***** Records provided
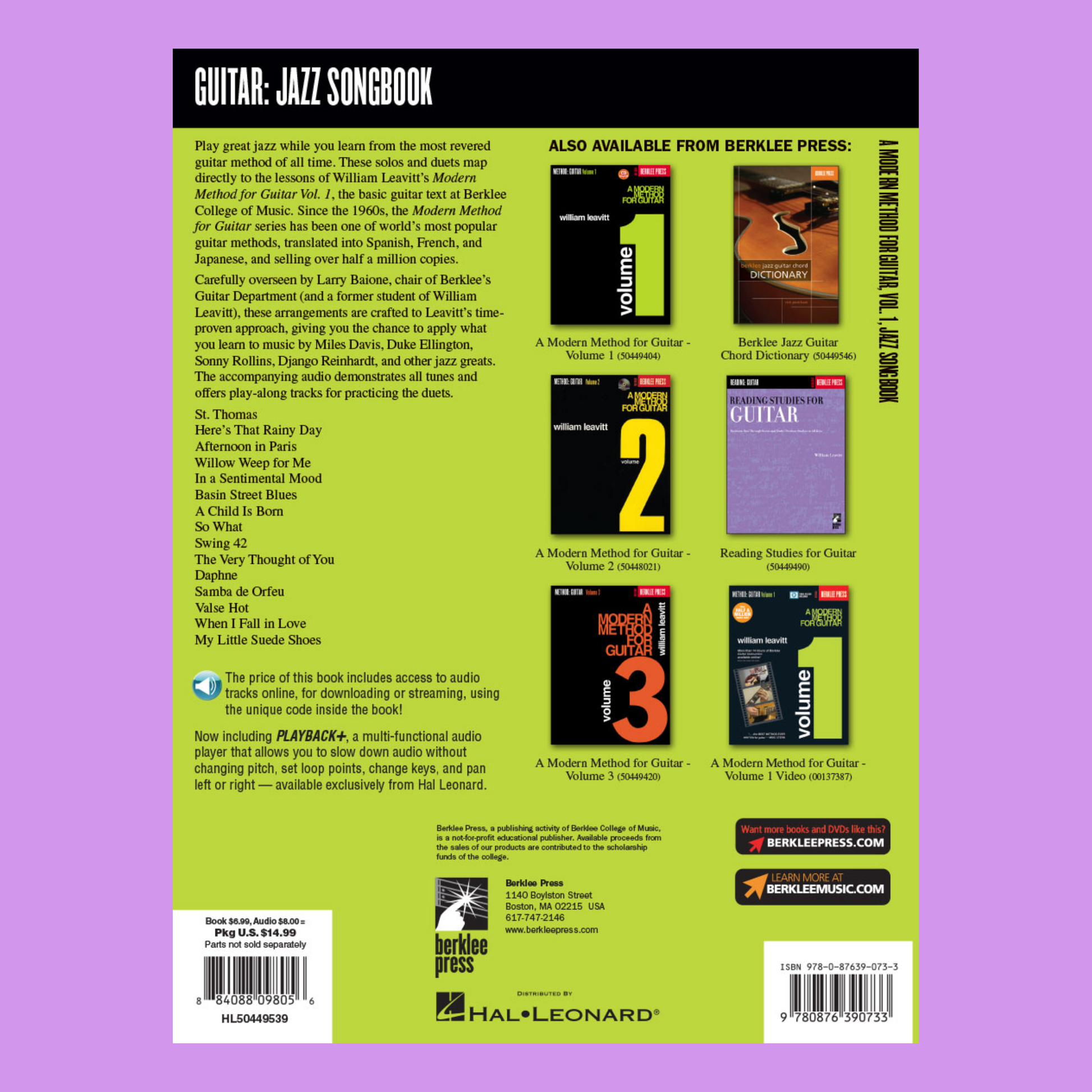 Play great jazz while you learn from this revered guitar method. These solos and duets map directly to the lessons in William Leavitt's Modern Method for Guitar, Volume 1, the basic guitar text at Berklee College of Music.
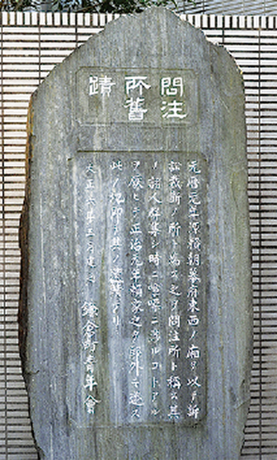 「問注所」とは鎌倉幕府の訴訟機関で、現在、御成小学校前にその跡の石碑がある(実際にこの場所に問注所があったという事は確かではない。はじめは大倉の源頼朝邸内にあった)。
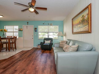Why rent when you can own! This 1-bed 1.5-bath is perfect for vacationing or scaled down living in the resort style community of Vista Royale. Corner unit, Roof 2022, vinyl flooring, newer hot water heater and best of all it comes fully turn-key. All you need are your suitcases. As a 55+ community all maintenance and amenities are included. Play golf on the communities 27 hole course, tennis, pickleball, enjoy walking trails, bike trails or relax in one of the communities 3 pools. With the active clubhouse and restaurant there is always something to do! Close to beach, shopping & medical. Room sizes approx.
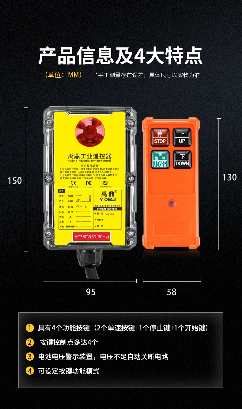 產(chǎn)品廣泛應(yīng)用于機(jī)械、建筑、冶金、汽車、化工、鐵路、施工等可實(shí)現(xiàn)遙控操作的設(shè)備及場所。
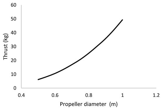The weight of amphibious system was considered to be 30 kg for selection of the propellers. A Quad with a co-axial motor–propeller configuration was considered due to the demand of high payload-carrying capacity and stability of the vehicle. Considering the thrust to weight ratio as 2% and a 20% thrust loss due to the co-axial configuration, the maximum thrust was estimated as 75 kg. Under the full-throttle condition, propellers of various diameters and their thrust force [27] characteristics were examined (Figure 3). In order to lift 75 kg, each co-axial arm needed to produce approximately 18.5 kg of thrust. Hence, a co-axial propeller configuration with diameter 0.75–0.80 m was selected.
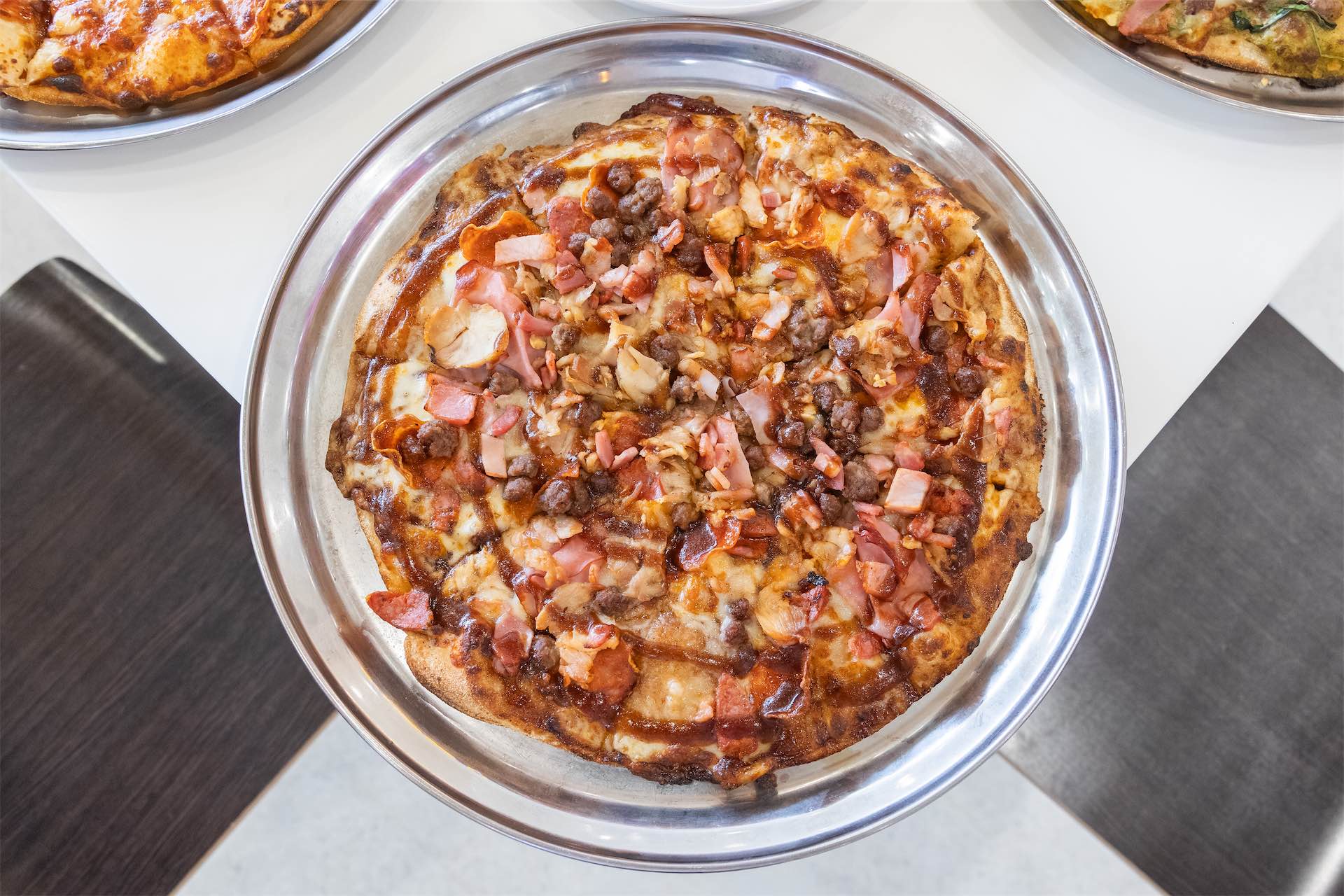 Meat Lovers$19BBQ Base, Ham, Chicken, Bacon, Salami, Caramelised Onion & Mozzarella topped with Creamy BBQ Sauce.×
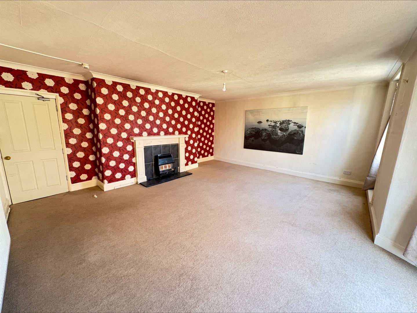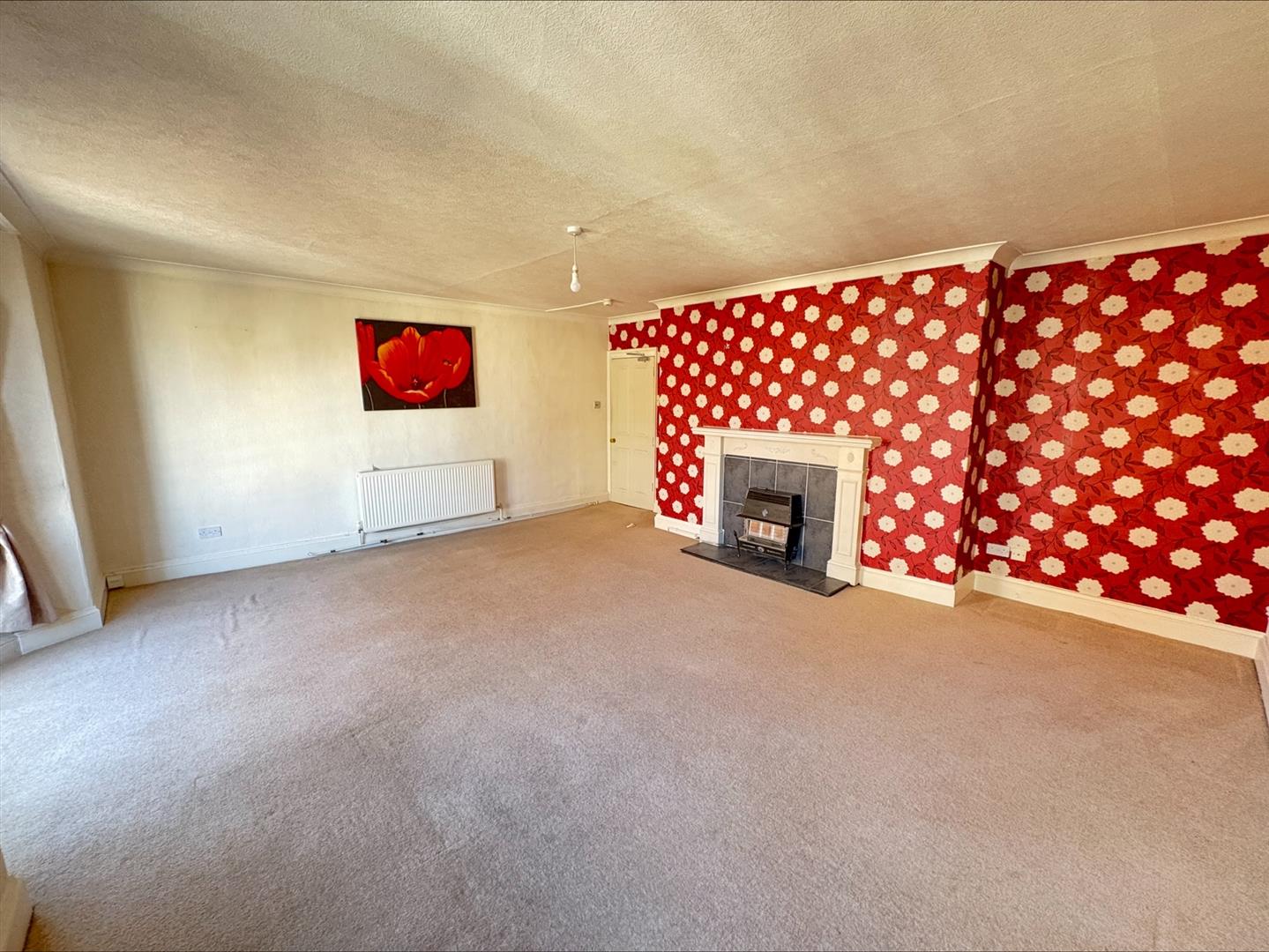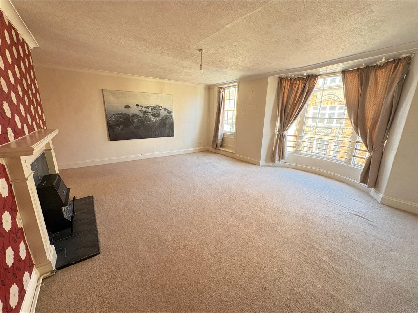 A bright and airy living room with large bow window to front, gas fireplace with grey tile hearth and wooden mantle, radiator and single glazed sash windows to front.
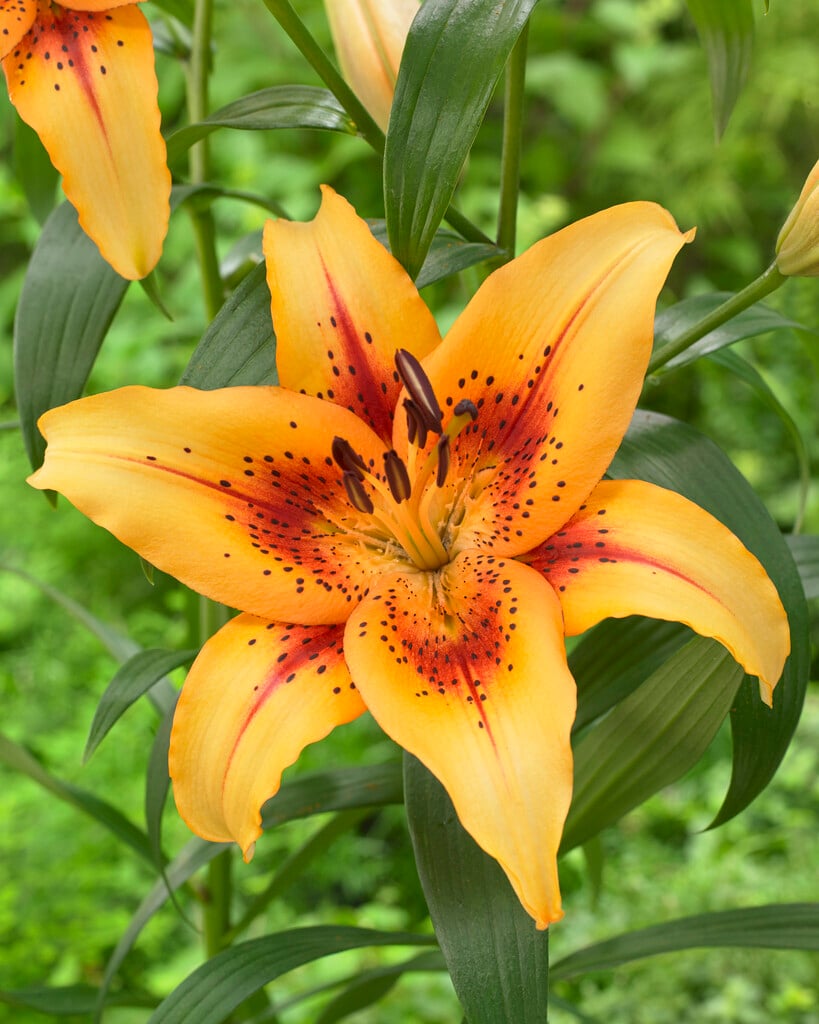 A bulbous perennial, to around 1m high, with upright stems and lance-shaped, glossy dark green leaves. Large, outward-facing, golden orange flowers, with a red flare and dark red-brown spots in the centre, are produced in early to mid summer
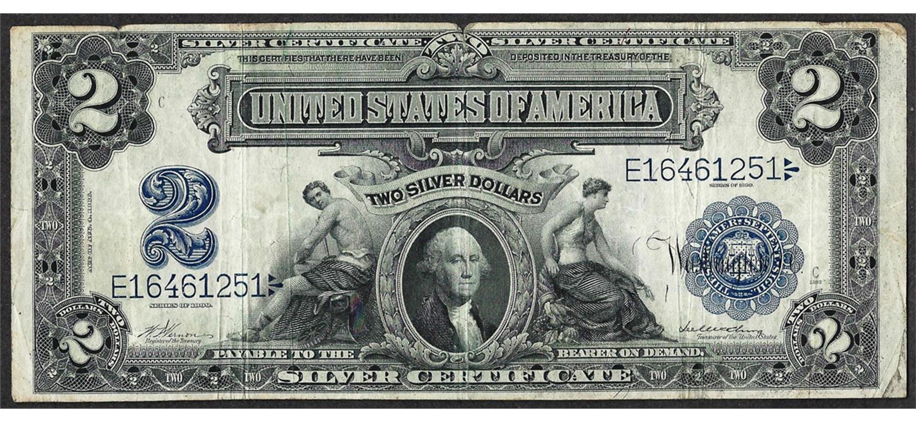 One 1899 $2 Mini-Porthole Silver Certificate Note.
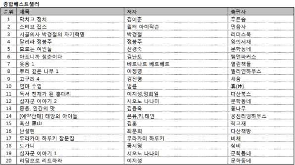 ÀüÁÖ 10À§±Ç µµ¼¿´´ø ±è¿ë¿ÁÀÇ <Áß¿ë, Àΰ£ÀÇ ¸À>ÀÌ 13À§, ¹«¶óÄ«¹Ì ÇÏ·çŰÀÇ <¹«¶óÄ«¹Ì ÇÏ·çŰ Àâ¹®Áý>ÀÌ 17À§¸¦ ±â·ÏÇß°í, ÀÌÁö¼ºÀÇ <¸®µùÀ¸·Î ¸®µåÇ϶ó>°¡ Á¾ÇÕ º£½ºÆ®¼¿·¯ 20À§¿¡ ÀçÁøÀÔÇß´Ù.
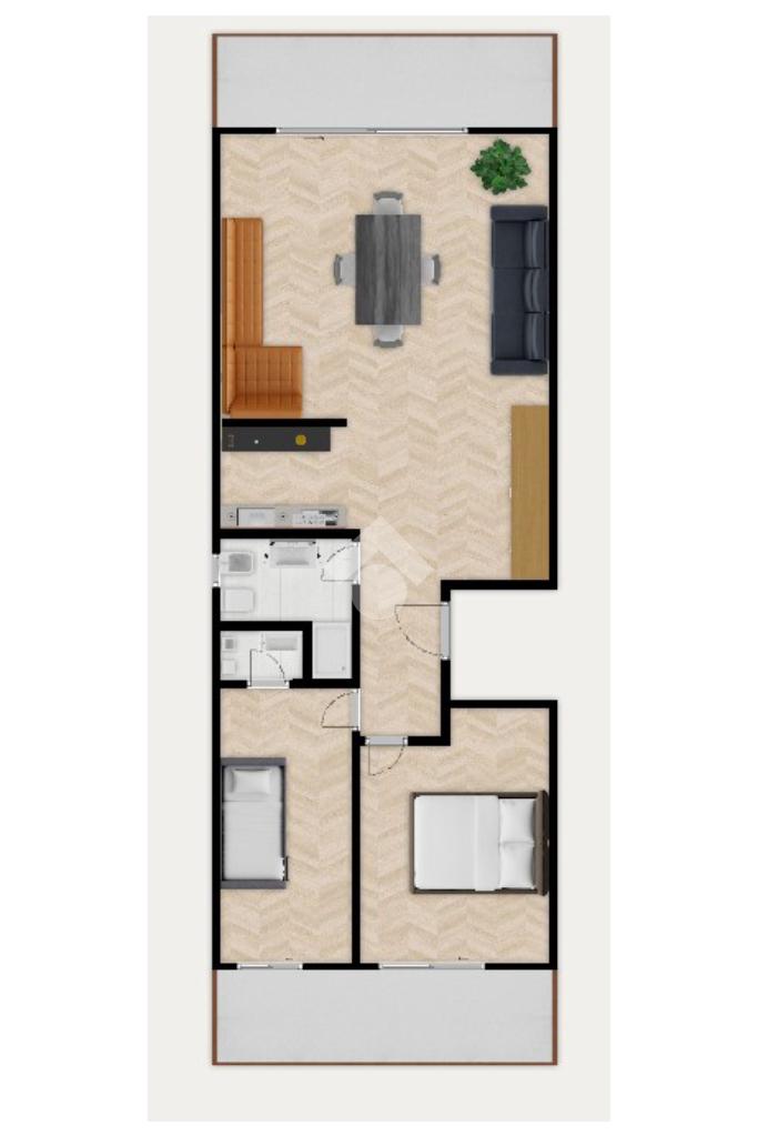 Dal disimpegno si acceda alla zona notte, composta da una camera matrimoniale con bagno, seconda camera, e servizio finestrato.
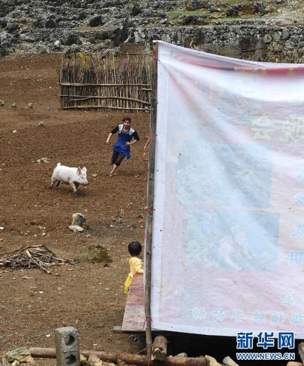 2月17日,在弄勇村弄顶屯,23岁的蓝新在田里追着一头猪。当天,蒙宣友杀年猪,准备动刀时小猪跑了,众人追了整个小山村,最终将小猪拿下。
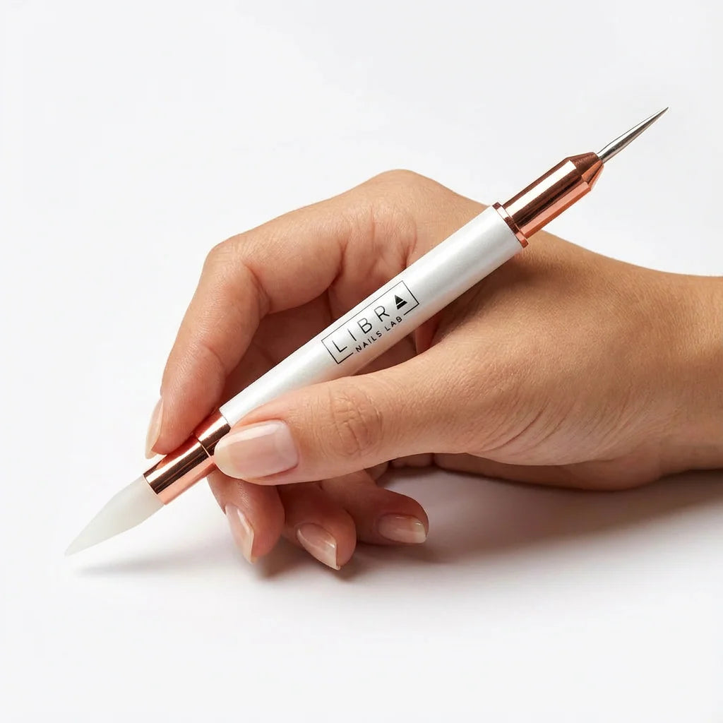 Outil multifonction pour la création de points (dotter), le mélange des produits et l’application de cristaux. L’extrémité en cire adhère au cristal sans en altérer la brillance.
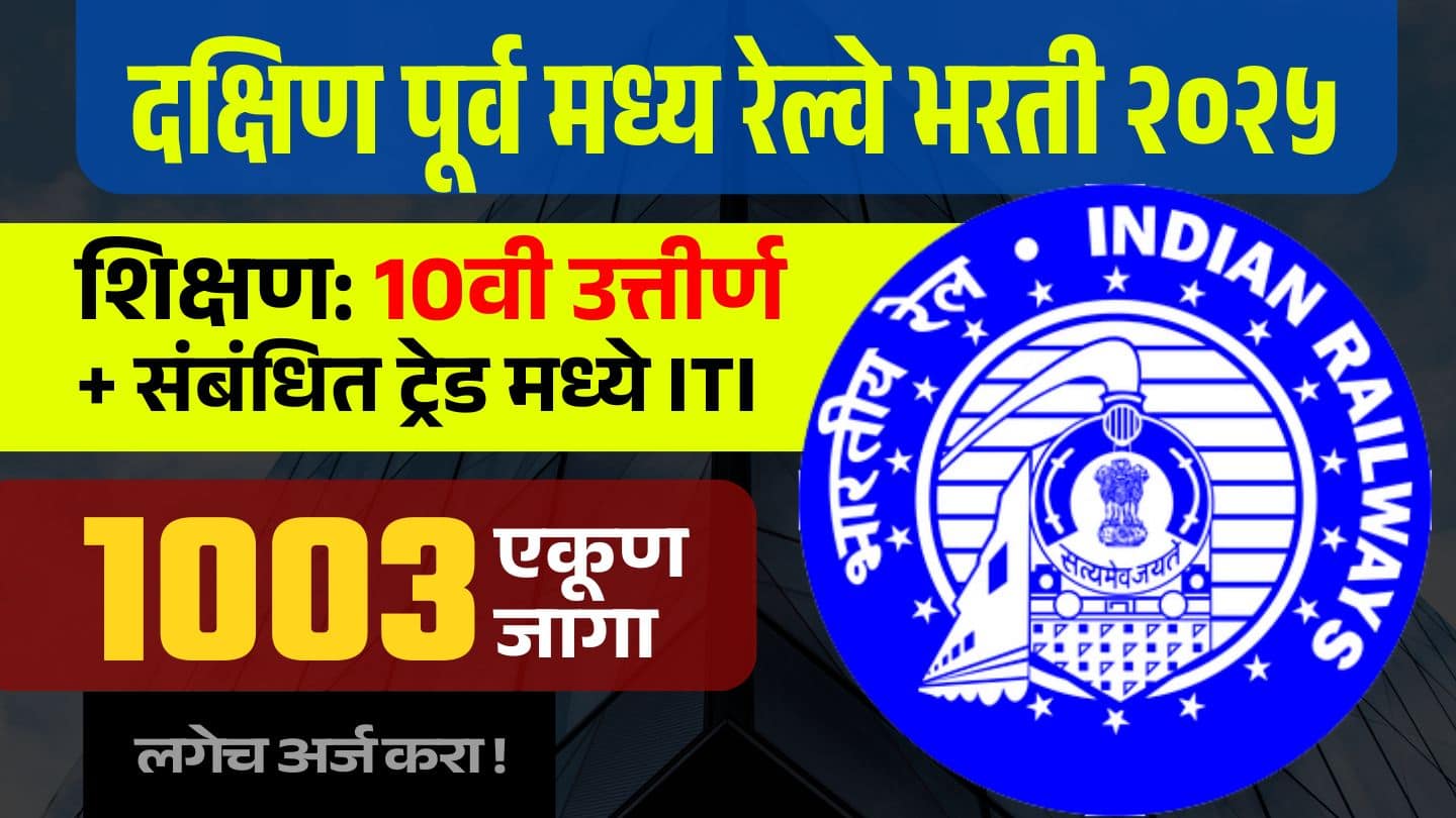 SECR Bharti 2025: दक्षिण पूर्व मध्य रेल्वेमध्ये 1003 जागांची भरती; १०वी उत्तीर्ण उमेदवारांना संधी
**********
Write out an exact copy of the listing, first line through the line containing "產(chǎn)品廣泛應(yī", with the pictures left out.

 Play great jazz while you learn from this revered guitar method. These solos and duets map directly to the lessons in William Leavitt's Modern Method for Guitar, Volume 1, the basic guitar text at Berklee College of Music.
 「問注所」とは鎌倉幕府の訴訟機関で、現在、御成小学校前にその跡の石碑がある(実際にこの場所に問注所があったという事は確かではない。はじめは大倉の源頼朝邸内にあった)。
Why rent when you can own! This 1-bed 1.5-bath is perfect for vacationing or scaled down living in the resort style community of Vista Royale. Corner unit, Roof 2022, vinyl flooring, newer hot water heater and best of all it comes fully turn-key. All you need are your suitcases. As a 55+ community all maintenance and amenities are included. Play golf on the communities 27 hole course, tennis, pickleball, enjoy walking trails, bike trails or relax in one of the communities 3 pools. With the active clubhouse and restaurant there is always something to do! Close to beach, shopping & medical. Room sizes approx.
 產(chǎn)品廣泛應(yīng)用于機(jī)械、建筑、冶金、汽車、化工、鐵路、施工等可實(shí)現(xiàn)遙控操作的設(shè)備及場所。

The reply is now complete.